Other assignments of error made by LaCoco remain to be considered. LaCoco first contends that it was error to admit his confession in evidence, over his objections, before holding a hearing on its admissibility. Plainly, a defendant is entitled to a preliminary hearing on the question of whether his confession was voluntary before the confession is introduced in evidence. (People v. Frugoli, 334 Ill. 324; People v. Barardi, 321 Ill. 47.) The error complained of is harmless, however, because the trial court subsequently and correctly determined that LaCoco’s confessions were admissible in evidence.

LaCoco also asserts the trial court erred in permitting four witnesses to testify whose names were not on the list of witnesses furnished to defendants. Since objection was made only to Lusader, the last of the four unlisted witnesses, the assignment of error must be limited to his testimony, alone. The rule is firmly established that it is within the discretion of the court to allow a witness to testify *314whose name is not on the list furnished to the defendant and this discretion will not be reviewed unless it appears the defendant has sustained the burden of showing surprise or prejudice. (People v. Weisburg, 396 Ill. 412; People v. Nixon, 371 Ill. 318.) In view of the circumstance that defendants were afforded an opportunity to talk to Lusader, did not ask for a continuance, or make any showing of prejudice and proceeded with the trial, it cannot be said that the trial judge abused his discretion in permitting Lusader to testify.

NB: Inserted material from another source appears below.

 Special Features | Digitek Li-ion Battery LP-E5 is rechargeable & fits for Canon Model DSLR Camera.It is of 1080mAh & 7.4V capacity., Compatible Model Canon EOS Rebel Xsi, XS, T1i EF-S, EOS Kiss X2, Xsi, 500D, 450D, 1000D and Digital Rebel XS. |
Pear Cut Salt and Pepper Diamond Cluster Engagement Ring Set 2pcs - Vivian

LaCoco next contends the court erred in refusing to confine the jury on the eighth day of the trial after an allegedly prejudicial article, consisting of five sentences, appeared on page thirty-nine of a local daily newspaper. In part of one sentence it was reported that on the preceding day the three employees in the machine shop testified that LaCoco confessed to an unsolved murder in a suburb of Chicago. This part of the article was absolutely false, as the jurors might well have realized, had they read the article. On the other hand, there is no showing in the record that any juror saw the article and this court will not set aside a verdict on the bare assumption that the defendant was prejudiced. People v. Konkowski, 378 Ill. 616; People v. Rogers, 303 Ill. 578.

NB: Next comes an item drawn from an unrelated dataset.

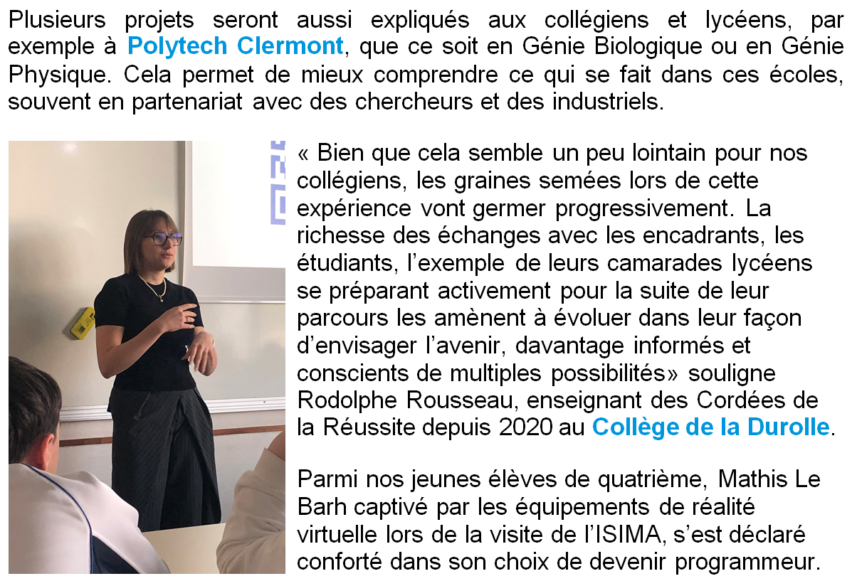 Le 27 février, les Graines d’Ingénieurs du Collège de la Durolle et du Lycée Jean Zay ont bénéficié d’une visite VIP à Clermont Auvergne INP, tête de notre Cordée de la Réussite.

Other and less significant assignments of error made and argued by defendant LaCoco have been carefully reviewed and found to be without merit.

No prejudicial error having intervened in the trial of LaCoco and the evidence being sufficient to sustain the judgment of conviction against him, the judgment against him is affirmed. The judgment against Wagner is reversed and the cause remanded.

Affirmed as to LaCoco; reversed and remanded as to Wagner.